Is like a blasted sapling wither’d up

And this is Edward’s wife, the monstrous witch,

Consorted with that harlot strumpet Shore,

That by their witchcraft they have mark’d me

HASTINGS: ‘If they have done this deed, my noble lord – ‘

GLOUCESTER:  ‘If? – thous protector of this damned strumpet,

Talk’st thou to me of ifs?  Thou art a traitor

Off with his head!  Now by Saint Paul I swear

I will not dine until I see the same.’ (Shakespeare 768)

Here Jane is accused of the whole trifecta of slurs against women: a witch, a harlot, and, by the way her involvement with Hastings has brought about his death, also a femme fatale.  She is also accused of collaborating with Queen Elizabeth, who was something of a harem rival to the King’s mistress.  It seems like every misogynist calumny has been thrown at her here.

William Blake :  The Penance of Jane Shore c 1793

Now we will look at the life of the real Jane Shore.
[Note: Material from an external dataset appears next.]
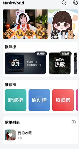 1、打开音乐世界之后可见其简洁的界面,这里有巅峰榜以及推荐榜单;

She was born in London in 1445 as Elizabeth Lambert, to Amy and John Lambert, her father was a wealthy merchant (English Monarchs).  He had supplied Edward IV in his wars with the House of Lancaster.  She was well educated for a girl at that time, as well as being attractive.

In 1460, she was married to an older man named William Shore, a goldsmith (McNeill).  He never seemed to win her affections (English Monarchs) and the marriage was a loveless one, perhaps also sexless (McNeill).  Their marriage was annulled in 1476 (English Monarchs), but his ex-wife would continue to be known by his name.

It was also about this time that Jane met Edward IV, and soon became the king’s mistress. ‘Under Edward’s patronage she enjoy wealth and luxury, and in turn she wielded considerable influence at court’ (Pratt 1293).

When she joined Edward’s harem, Jane was certainly known to be merry.  ‘The King would say that he had three concubines, who in three diverse properties diversely excelled.  One, the merriest; another, the wiliest; the third, the holiest harlot in his realm’ (More 77).

The word harlot may conjure up images of a street prostitute in people’s minds, certainly anything but a new profession.  However, it came from Old French herlot, arlot “vagabond, tramp, vagrant; rascal, scoundrel,” with cognates in Old Provençal (arlot), Old Spanish (arlote), and Italian (arlotto), but of unknown origin.  At first it usually meant a male, but the ‘secondary sense of “prostitute, unchaste woman” probably had developed by 14c., certainly by early 15c., but this was reinforced by its use euphemistically for “strumpet, whore” in 16c’ (Etymonline).  It was also used in past centuries to mean a woman who was a mistress or kept woman, whose relationship with her man was without benefit of clergy.  Therefore, words like harlot, strumpet or whore may not have been considered as scathing as they sound to modern ears.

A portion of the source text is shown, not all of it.